La voisine du second représente la quintessence de la « ça va jamais » féminine. Elle est mariée à un être humain d'une banalité suspecte. Un homme simple aux idées simples. Un mec qui pense bêtement que un et un font deux marquant son manque total d'imagination et une capacité d'analyse tout à fait primaire. Une sorte d'animal idéal, genre poisson rouge, ce bestiau qui barbote dans une cage pleine d'eau appelée aquarium, qui pisse dans sa flotte et flotte dans sa pisse, qui sert de complément alimentaire dans la paella et de compagnon protéinique pour le chat. Il ne crie pas le jour, ne ronfle pas la nuit. Sa mémoire vive de deux secondes efface les turpitudes de la vie au fur et à mesure de leurs apparitions.

Ce mari idéal ne cherche pas le conflit et essaie de se comporter de manière avenante, sympathique. La grande majorité des « ça va toujours » trouverait en lui le compagnon idéal, mais pas la « ça va jamais » féminine.

L'homme a eu le bon goût de naître le jour de la fête des pères, d'où une économie substantielle dans l'achat des cadeaux. Un gros présent vaut mieux que deux absents et pourquoi gros alors que petit cela fait autant plaisir. Il n'y a que l'intention qui compte, l'attention, elle est réservée à l'épluchage du compte en banque.

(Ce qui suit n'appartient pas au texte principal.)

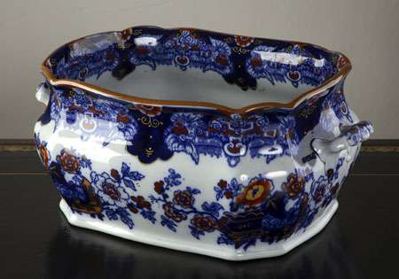 of rectangular form with scalloped border, blue printed red enamelled with flowers, printed Royal coat of arms to underside

  • Chéri, tu nous embêtes avec ton anniv le jour de la fête des pères ! Je ne sais pas quoi t'acheter.

 

Le chéri se confond en excuses, avoue son impuissance manifeste à fixer le jour de sa naissance et son incompétence notoire en matière de fête des pères. Il ajoute dans un murmure une phrase du genre : oh chérie, un cadeau, c'est trop !

  • Incompétence, c'est bien le mot.

 

Heureusement l'imagination de sa femme dépasse la contenance du vase qui déborde avec la goutte de Soisson (ville Picarde dont la devise est « Soisson et tais-toi »). Les enfants, eux, ne sont d'aucun secours dans l'entreprise. Du reste, ils sont rarement sollicités. Extrêmement pointilleux lorsqu'il s'agit de leurs anniversaires, ils sont beaucoup plus laxistes sur celui des autres dont ils dénoncent le bien fondé et cette habitude bourgeoise décadente. La remise en cause s'accompagne généralement d'une revendication de hausse salariale substantielle car la jeunesse a des besoins insatisfaits et l'argent de poche s'évapore. L'inflation des projets associée à l'assèchement de la masse monétaire amène invariablement une croissance zéro, et le zéro, ils connaissent.

 

Le cadeau de son mari s'inscrit dans un plan d'économie approuvé par le FMI ( Fonds des Ménagères Insatisfaites) et certifié par la BCE ( Banque Cruelle des Enfoirés).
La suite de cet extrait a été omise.